UNI preventing gender violence and bullying

Gender violence in the U.S. continues to escalate. Bullying and violence affects people of all ages, race and socioeconomic status.

According to the University of Northern Iowa's Center for Violence Prevention (CVP):

  • In 2010, about 2.7 million students were bullied, and more than 160,000 children missed school for fear of being bullied.
  • One in four women will be a victim of sexual assault, or attempted sexual assault, during her collegiate years.
  • 50 to 80 percent of adults say they have been bullied at some point in their lives.
  • Nearly two million American workers report having been victims of workplace violence each year.

These statistics support the need for education about gender violence and bullying. UNI's CVP launched in January 2011 to provide strategies and best practices for community partners and education institutions to prevent interpersonal violence.

Center for Violence Prevention
Heisterkamp facilitating a Mentors in Violence Prevention module to UNI students.

UNI's CVP will create a Violence Prevention Certification for undergraduate students to learn about strategies for preventing acts of bullying and violence in their professional work.

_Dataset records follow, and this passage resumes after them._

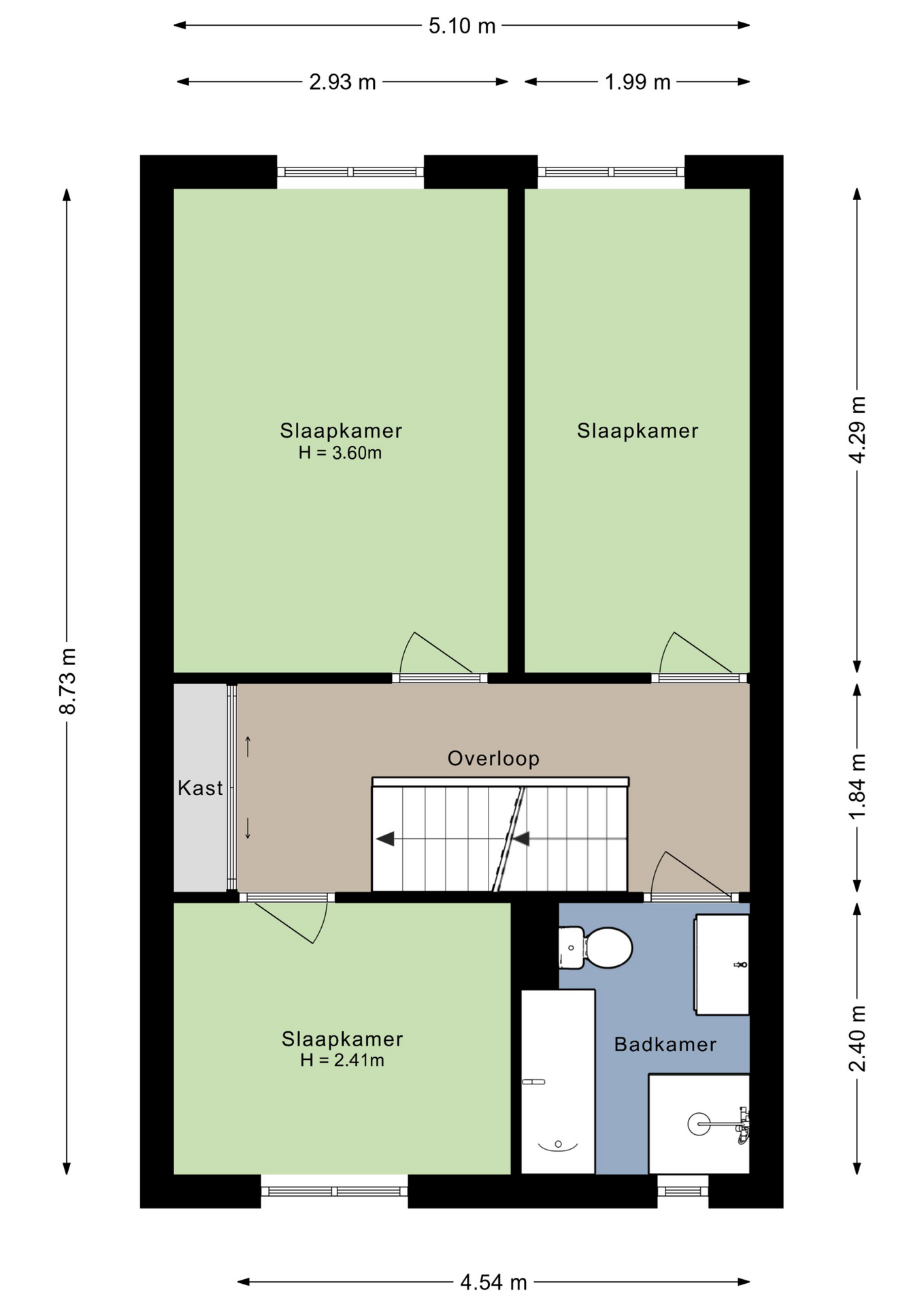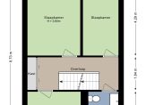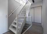 Dit type woning heeft een fijne indeling op de eerste verdieping, met een ruime overloop over de hele breedte van het huis. Hier zie je de witte, open trap naar de tweede verdieping en een grote schuifdeurkast.
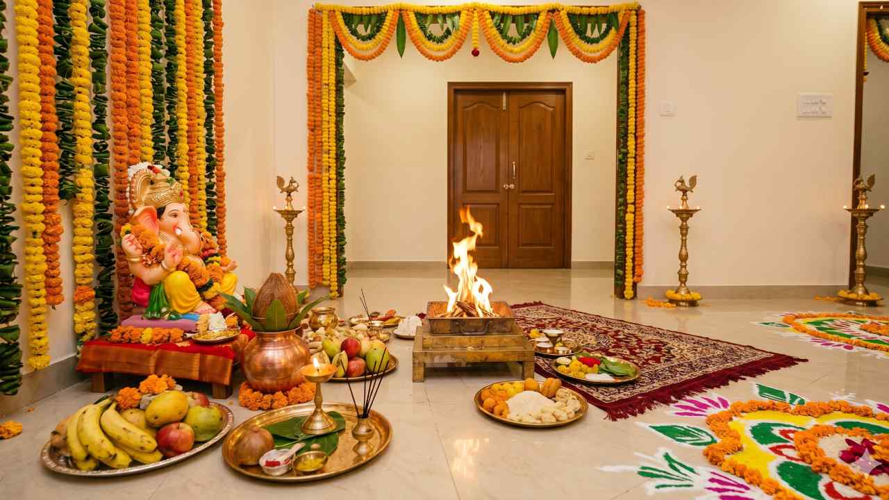 যে কোনও শুভ কাজের শুরুতে বিঘ্নহর্তা গণেশের পুজো দেওয়া আবশ্যিক। গৃহপ্রবেশের আগে দরজার সামনে গণেশের মূর্তি বা ছবি স্থাপন করুন।
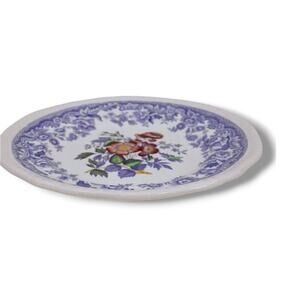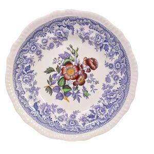 Enhance your dining experience with this exquisite Spode Copeland salad plate, featuring a beautiful Mayflower pattern in a delightful periwinkle lavender color.
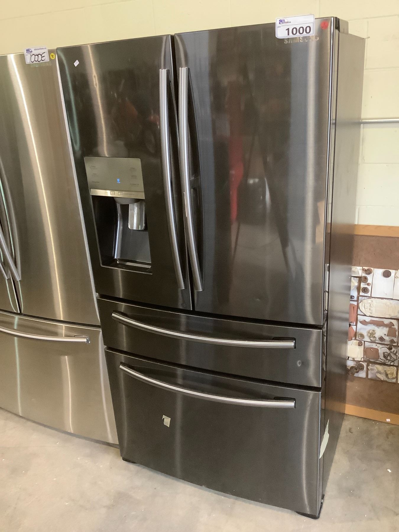 SAMSUNG BLACK FRENCH DOOR FRIDGE MODEL RF22KREDBSG VISIBLE DAMAGE
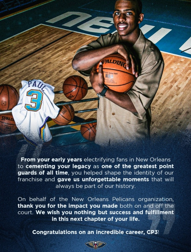 新奥尔良鹈鹕俱乐部对此发表了声明,向保罗表达祝贺,内容如下:
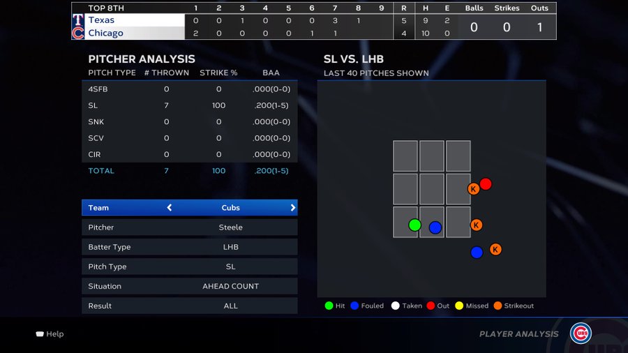 I wish the pitcher/batter analysis tool was brought back to the forefront (accessible via dpad) because it’s an extremely useful tool in recognizing patterns of how you’re being pitched and how you’re pitching so you don’t fall into patterns.
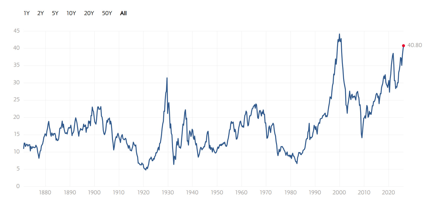 По данным GuruFocus на 1 января 2026 года, CAPE индекса S&P 500 составляет 40,32. Для сравнения: историческая медиана этого показателя — около 16–17. Текущее значение находится в верхних 10% всех наблюдений с 1988 года и сопоставимо с пиками перед крахом доткомов в 2000 году.
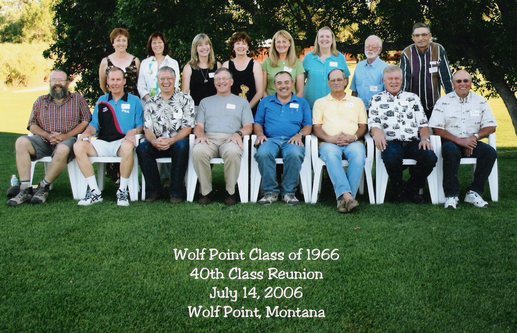 From John Rodenberg, here is the Wolf Point Class of 1966 40 year reunion photo:
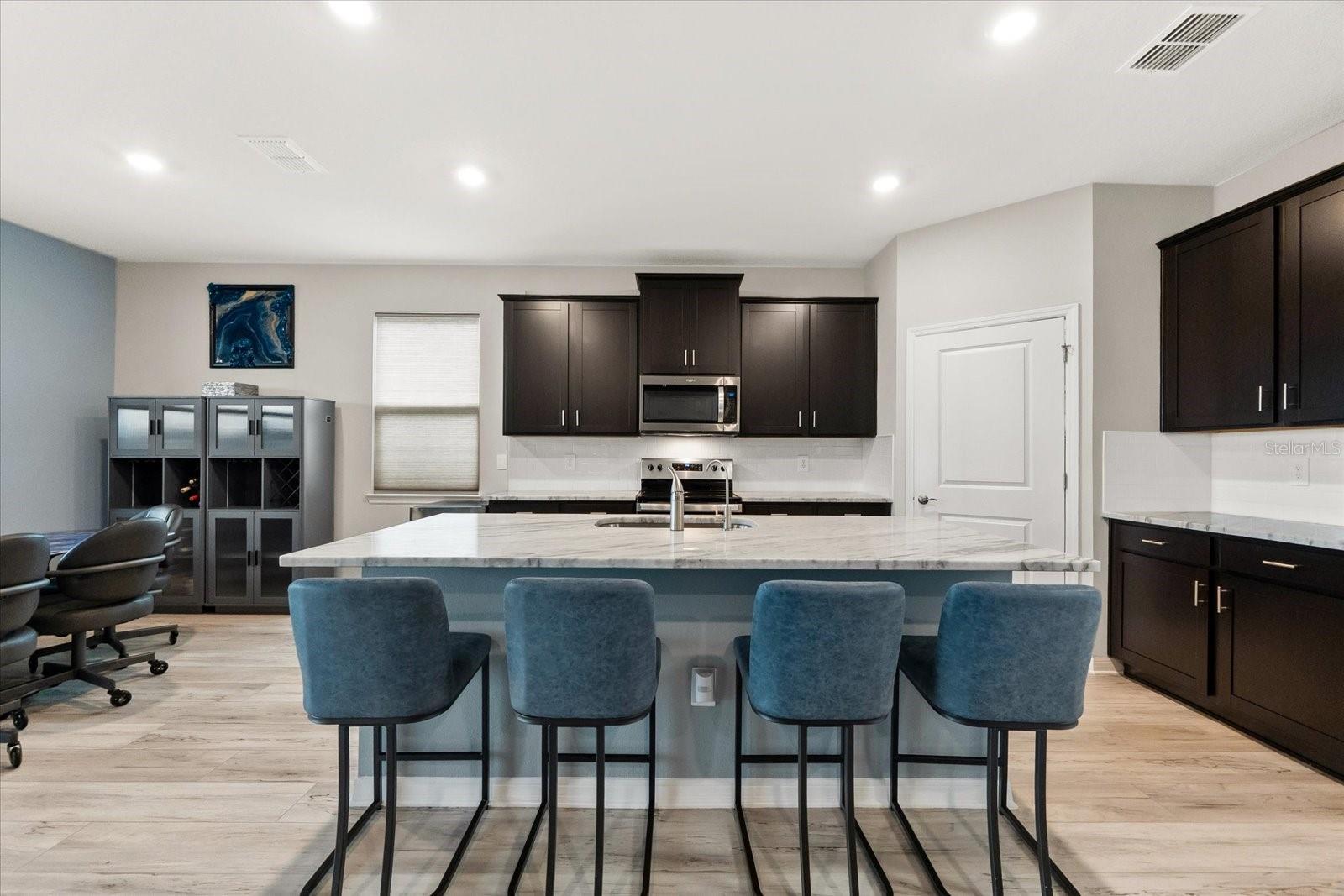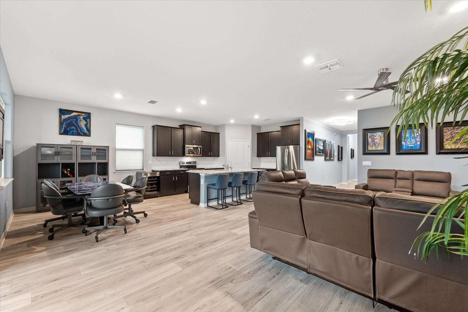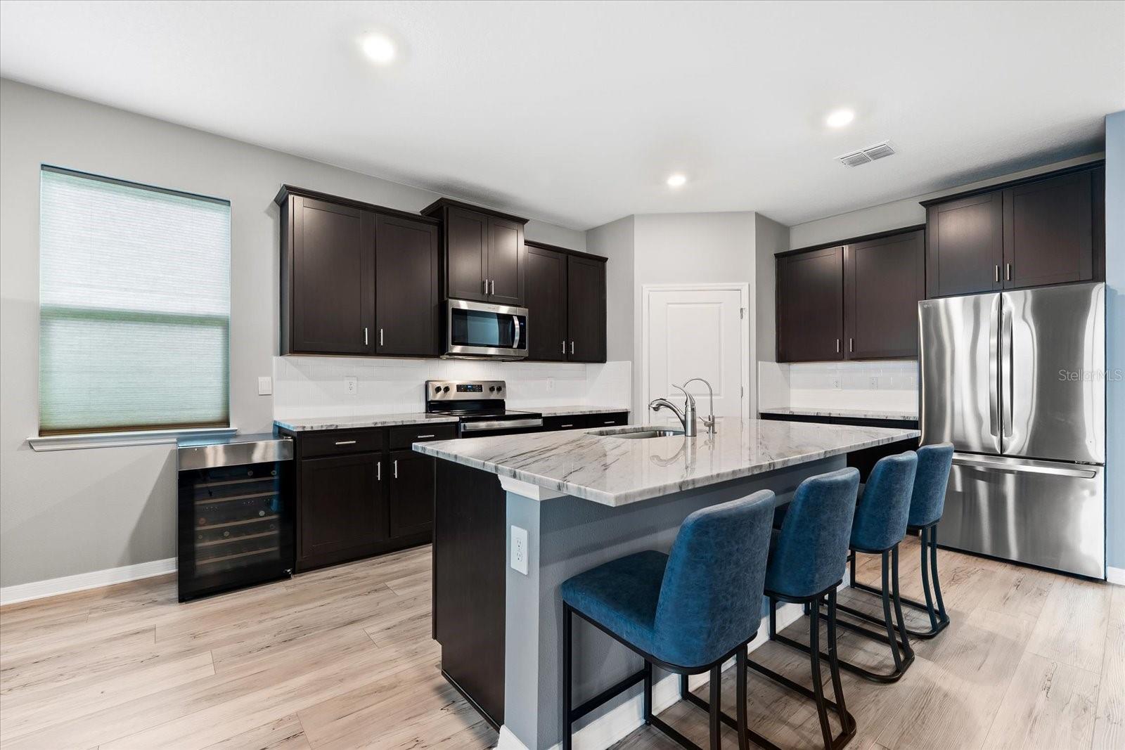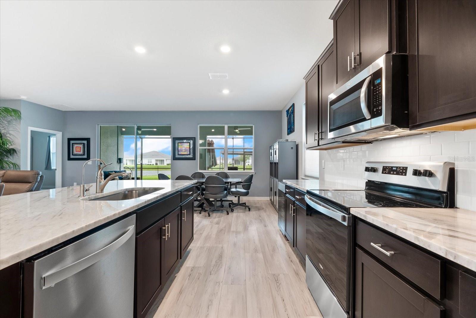 Skip the build time and step into this beautifully upgraded, move-in ready 2,034 sq ft Delray Model, ideally located on a private cul-de-sac oversized lot in Star Farms Adventure Retreat at Lakewood Ranch—part of the nation’s #1 multi-generational master-planned community. This stylish 4-bedroom, 2-bath home with a 2-car garage and extended lanai offers the perfect blend of luxury, functionality, and modern design. From the moment you arrive you will be impressed by the curb appeal and thoughtful upgrades such as an elegant stone front elevation and an extended driveway. Inside, the home showcases neutral luxury vinyl plank flooring throughout, enhanced by modern ceiling fans and upgraded lighting that lend a sleek, contemporary touch. The spacious, open concept living offers a gourmet kitchen, the heart of the home, and features an oversized island with seating for four, stainless steel appliances, granite countertops, and generous counter space for effortless entertaining and everyday cooking. The private owner’s retreat boasts tranquil water views, a luxurious ensuite bath with dual sinks, a granite vanity, a large tiled walk-in shower, and a custom walk-in closet with built in drawers and shelving. Three additional bedrooms are thoughtfully placed for maximum privacy, accompanied by a stylish bath with a tub/shower combo. This gem offers outdoor living at its best. Step out to the extended lanai complete with upgraded pavers, a hot tub, perfect for relaxing or hosting guests. The fenced backyard offers a safe, spacious area for pets and outdoor fun. The garage is finished with epoxy flooring and built-in shelving, and the home also includes a security system, water softener, and reverse osmosis system—providing peace of mind and added value. Residents enjoy a wide array of amenities designed for active, social, and wellness-focused living. The Adventure Retreat offers a private clubhouse, meeting rooms, a resort-style pool and spa, cabanas, a beach area for laid back lounging, tennis, pickleball, bocce ball courts, a resistance pool for low impact fitness, poolside grilling stations, a pet park, and a fully equipped fitness center. The Resort Club, a second luxury clubhouse, offers a state-of-the art golf simulator, instructor-led exercise classes, pool and spa, a cozy coffee shop, a vibrant poolside bar & grill, basketball courts and ball field. For more leisure, Cabana Corner will be a third gathering spot with additional like amenities. Star Farms puts you close to everything including major airports, ample restaurants and shops, championship golf courses, world-class beaches, and top-rated medical facilities. Star Farms offers a one-of-a-kind lifestyle you won’t want to miss. Schedule your private showing today!
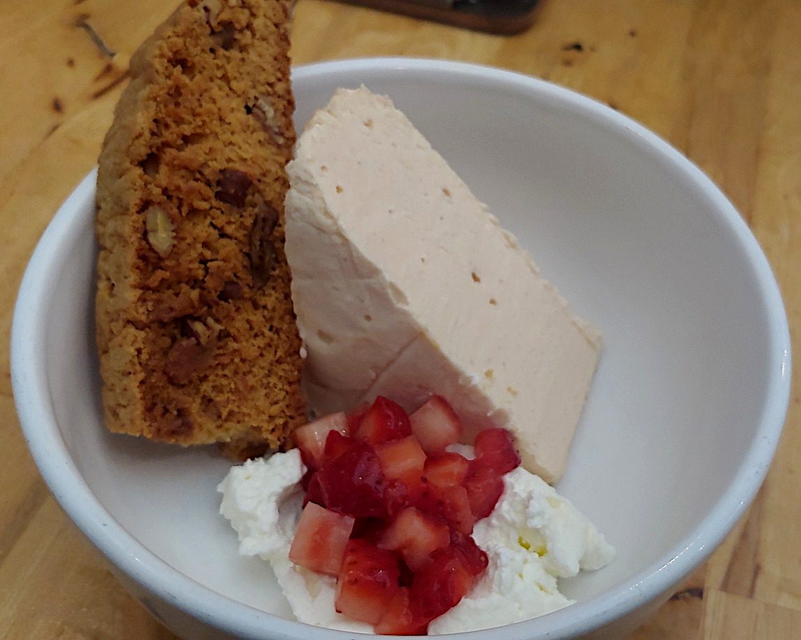 Even though I was not very hungry, I decided to take a look at the dessert menu. Choices were Persimmon Cheesecake, Tres Leches Cake, Strawberry Semifreddo, and a Meyer Lemon Tiramisu. The semifreddo seemed like it would be light, and I ordered that, My companions had the Tres Leches and the Tiramisu.
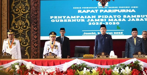 “Ini adalah pidato pertama kami setelah dilantik, dan ada kewajiban untuk menyampaikan pidato pertama didepan anggota dewan untuk masa jabatan kami 2025-2030. Saya menyampaian visi misi Jambi Mantap jilid dua dengan mendukung penuh program Asta Cita dari Presiden sehingga ada sinergi antara program Presiden dengan program kami di daerah, karena memang dalam Asta Cita itu sudah ada program Jambi Mantap dan untuk itu agar kita sinergikan dan kita sinkronkan,” jelas Haris.

"We want to empower future teachers, coaches, school administrators, social workers and family service providers to take the message of primary prevention to their various personal and professional destinations once they graduate from UNI," said Alan Heisterkamp, director of the Mentors in Violence Prevention Leadership Institute at UNI's CVP.

The program will teach students how to identify types of bullying and gender violence, the signs and symptoms of unhealthy dating and intimate relationships, and best practices in bullying and violence prevention in schools and communities. Heisterkamp hopes this is something that will be appealing to students from various academic departments at UNI.

"We want to ensure that the violence prevention certificate is adaptable and meaningful to students from various areas of study," said Heisterkamp.

Heisterkamp sees UNI as generating real change with this initiative. "UNI's Center for Violence Prevention is poised to be a leader in offering meaningful and purposeful training to future community leaders, future parents and all stakeholders in the areas of bullying and violence prevention."